▶ [GIVEN INFORMATION]:
● ● ● ● ● ● ●

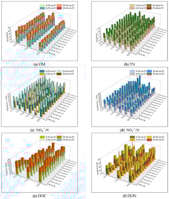 In the lightly saline–alkali soil, the soil organic matter (OM) content showed a trend of W1 > W2 > W3 with different irrigation amounts, whereas total nitrogen (TN) showed a trend of W2 > W1 > W3. For the 0–40 cm soil depth, under different proportions of organic fertilizer application, the OM values were the highest at 25%, followed by 50% and 75%, whereas the TN values were the highest at 25%, followed by 75% and 50%. In the moderately saline–alkali soil, the OM and total nitrogen (TN) content showed a trend of W3 > W2 > W1 with different irrigation amounts. For the 0–40 cm soil depth under different proportions of organic fertilizer, the OM values were the highest at 25%, followed by 75% and 50%, whereas the TN values were the highest at 25%, followed by 50% and 75%. In the lightly saline–alkali soil, supplemental irrigation reduced the soil content by 2.2–14.7% and increased the content by 3.2–15% in the 0–40 cm soil depth. For the 0–40 cm soil depth under different proportions of organic and inorganic fertilizer application, the content was highest at 25% organic fertilizer proportion, followed by 75% and 50%, whereas the content was highest at 75%, followed by 50% and 25%. In the moderately saline–alkali soil, supplemental irrigation increased the soil and content by 6.5–27.6% and 15.8–24.7%, respectively, at the 0–40 cm soil depth. Among them, the and values were the highest at the 50% organic fertilizer proportion.
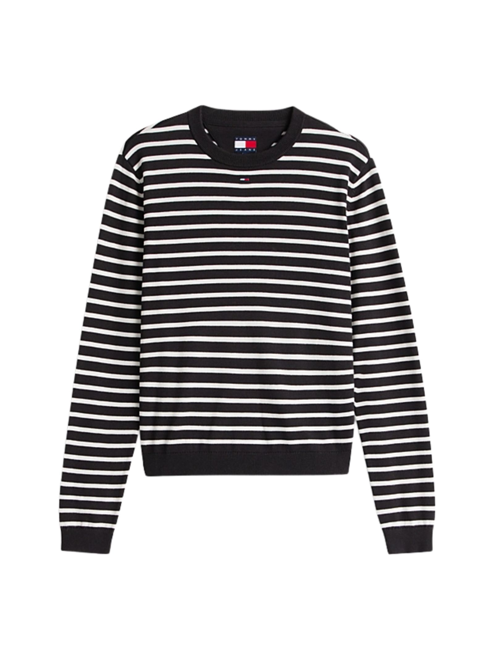 Pullover Tommy Jeans girocollo realizzato in puro cotone pettinato, caratterizzato da vestibilità regolare, scollatura rotonda, collo, polsini e fondo a costine e bandierina Tommy ricamata al centro con branding Tommy Jeans per un look essenziale e versatile. Composizione: 100% cotone.
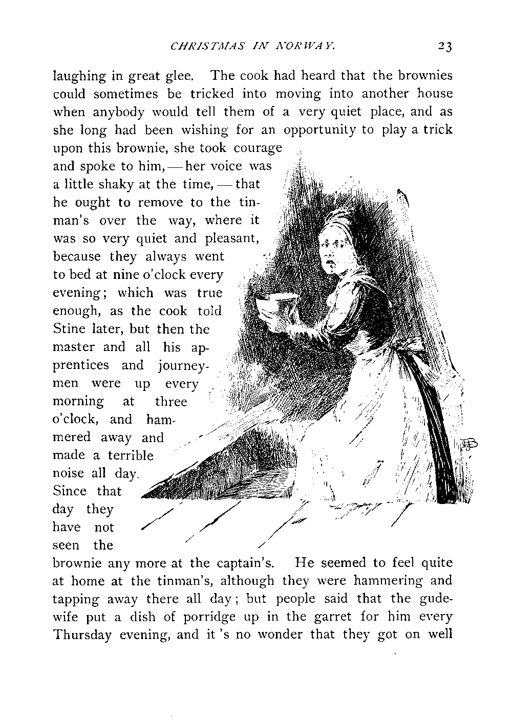 "There was, once upon a time,—I almost think it was in[Page 19] Hallingdal,—a lassie who was sent up into the hay-loft with the cream porridge for the brownie,—I cannot recollect if it was on a Thursday or on a Christmas Eve, but I think it was a Christmas Eve. Well, she thought it was a great pity to give the brownie such a dainty dish, so she ate the porridge herself, and the melted butter in the bargain, and went up into the hay-loft with the plain oatmeal porridge and sour milk, in a pig's trough instead. 'There, that's good enough for you, Master Brownie,' she said. But no sooner had she spoken the words than the brownie stood right before her, seized her round the waist, and danced about with her, which he kept up till she lay gasping for breath, and when the people came up into the hay-loft in the morning, she was more dead than alive. But as long as they danced, the brownie sang," (and here Cousin Lizzie undertook his part, and sang to the tune of the Halling)—
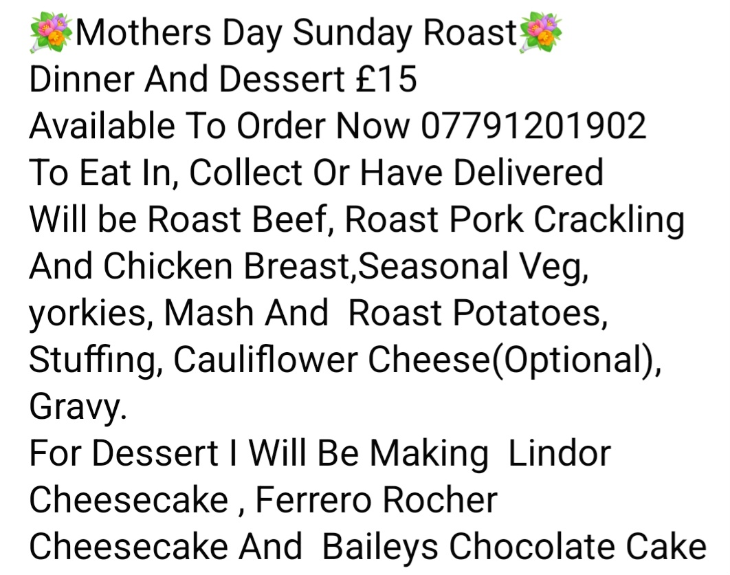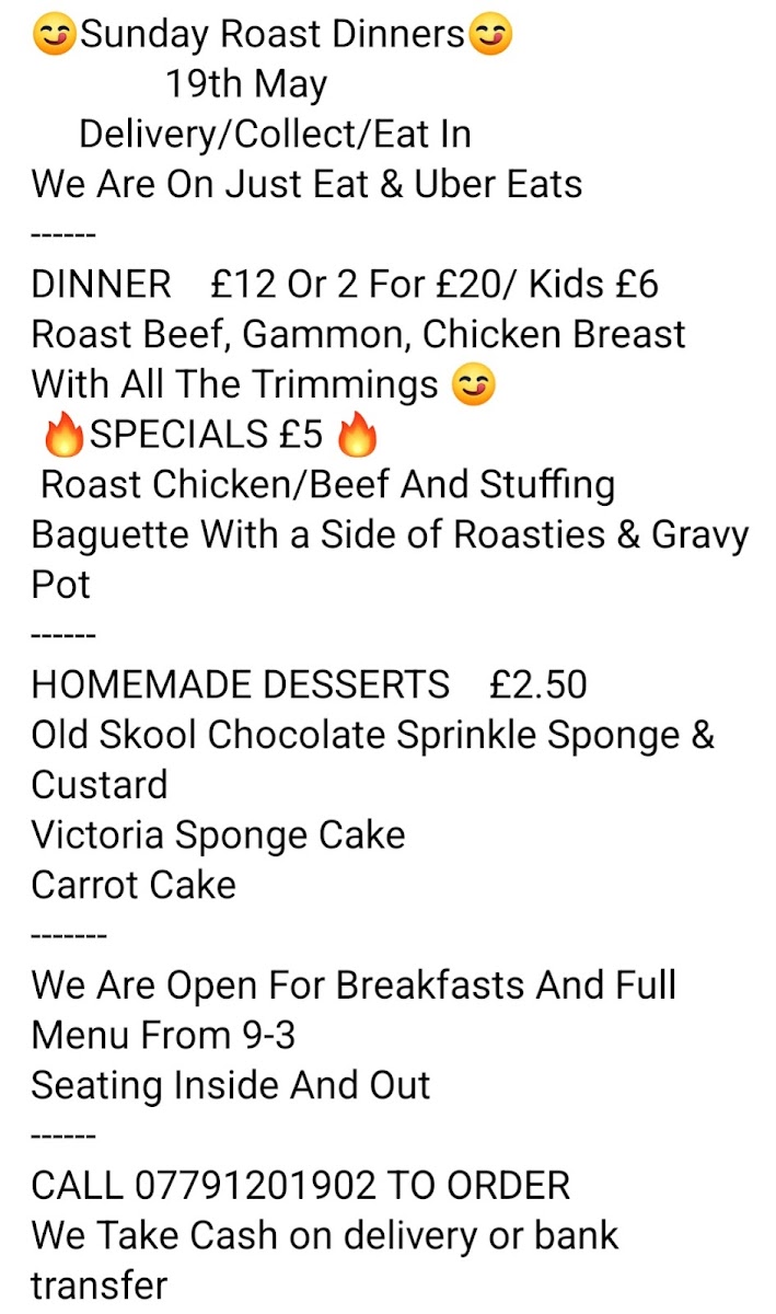 Food selections include classic breakfast dishes like sausage, egg, chips, and beans, as well as sandwiches and sliders, which provide convenient options for quick meals. The menu also features traditional Sunday dinners for more substantial dining occasions.

● ● ● ● ● ● ●

▶ [TASK DESCRIPTION]: Where an image appears in the data, skip it, and return the rest verbatim.

▶ [FINISHED EXERCISE]:
 In the lightly saline–alkali soil, the soil organic matter (OM) content showed a trend of W1 > W2 > W3 with different irrigation amounts, whereas total nitrogen (TN) showed a trend of W2 > W1 > W3. For the 0–40 cm soil depth, under different proportions of organic fertilizer application, the OM values were the highest at 25%, followed by 50% and 75%, whereas the TN values were the highest at 25%, followed by 75% and 50%. In the moderately saline–alkali soil, the OM and total nitrogen (TN) content showed a trend of W3 > W2 > W1 with different irrigation amounts. For the 0–40 cm soil depth under different proportions of organic fertilizer, the OM values were the highest at 25%, followed by 75% and 50%, whereas the TN values were the highest at 25%, followed by 50% and 75%. In the lightly saline–alkali soil, supplemental irrigation reduced the soil content by 2.2–14.7% and increased the content by 3.2–15% in the 0–40 cm soil depth. For the 0–40 cm soil depth under different proportions of organic and inorganic fertilizer application, the content was highest at 25% organic fertilizer proportion, followed by 75% and 50%, whereas the content was highest at 75%, followed by 50% and 25%. In the moderately saline–alkali soil, supplemental irrigation increased the soil and content by 6.5–27.6% and 15.8–24.7%, respectively, at the 0–40 cm soil depth. Among them, the and values were the highest at the 50% organic fertilizer proportion.
 Pullover Tommy Jeans girocollo realizzato in puro cotone pettinato, caratterizzato da vestibilità regolare, scollatura rotonda, collo, polsini e fondo a costine e bandierina Tommy ricamata al centro con branding Tommy Jeans per un look essenziale e versatile. Composizione: 100% cotone.
 "There was, once upon a time,—I almost think it was in[Page 19] Hallingdal,—a lassie who was sent up into the hay-loft with the cream porridge for the brownie,—I cannot recollect if it was on a Thursday or on a Christmas Eve, but I think it was a Christmas Eve. Well, she thought it was a great pity to give the brownie such a dainty dish, so she ate the porridge herself, and the melted butter in the bargain, and went up into the hay-loft with the plain oatmeal porridge and sour milk, in a pig's trough instead. 'There, that's good enough for you, Master Brownie,' she said. But no sooner had she spoken the words than the brownie stood right before her, seized her round the waist, and danced about with her, which he kept up till she lay gasping for breath, and when the people came up into the hay-loft in the morning, she was more dead than alive. But as long as they danced, the brownie sang," (and here Cousin Lizzie undertook his part, and sang to the tune of the Halling)—
 Food selections include classic breakfast dishes like sausage, egg, chips, and beans, as well as sandwiches and sliders, which provide convenient options for quick meals. The menu also features traditional Sunday dinners for more substantial dining occasions.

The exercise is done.